みんなと、カインと一緒にいつまでも暮らせればいいと思っていること。
生きてここに帰ろう。二人は約束した。

ノアの場合
いつもは飲んだくれているノアだったが、今日に限っては酒を飲んでいなかった。
復讐に燃えるカインを見て、彼女はかつての自分を思い出していた。
憤りのままに動いたが、それでも世の中は変わらない。ノアは、諦めてしまった。
しかし、カインと共にいることで彼女の心に再び火がともった。
素面のノアの告白を、カインは受け入れた。ぬるくなった酒が、今までで一番美味しく感じた。

ベロニカの場合
二人きりで話そうとカインを連れ出すベロニカ。
しかし、いざ二人きりになるとベロニカはしどろもどろになってうまく話せない。
どちらかが、あるいは二人とも死んでしまう覚悟はするべきだと言うベロニカ。
しかし、カインを失うことを怖れ、そんな思いを抱く自分を弱くなったと言う。
守ってやるとうなずいたカインに、ベロニカははにかみながら感謝した。

ハーティーの場合
路地裏にカインを呼び出したハーティー。

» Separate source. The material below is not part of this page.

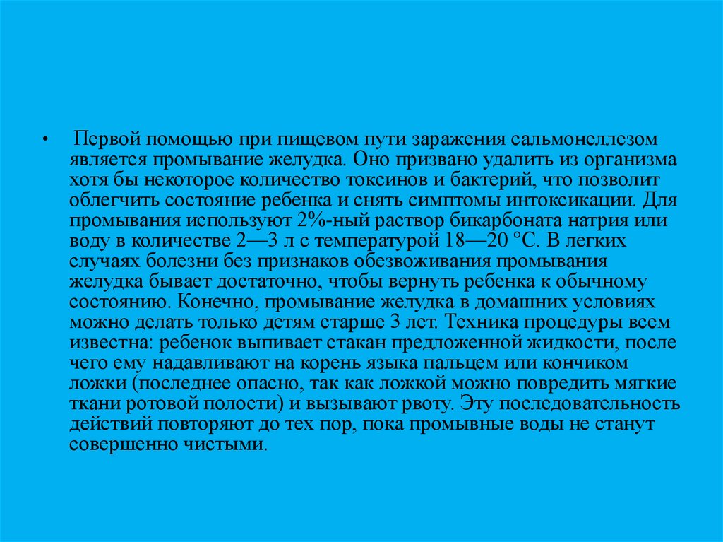 Первой помощью при пищевом пути заражения сальмонеллезом

今回こそ決着をつけるという。
自分には暴力以外に価値がないと思っているハーティーには、これしかないのだ。
いつも以上に激しいハーティーの猛攻をいなし勝利するカイン。
負けたのだからとどめをさせと言うハーティーに、カインは手を差し伸べた。
それは拳しか作れないハーティーが、生まれて初めて掴んだ手だった。


以上です。
続編は、好感度イベントが難しいんだよなぁ。というわけで予約はしません。
でも時間がとれたら書くと思います。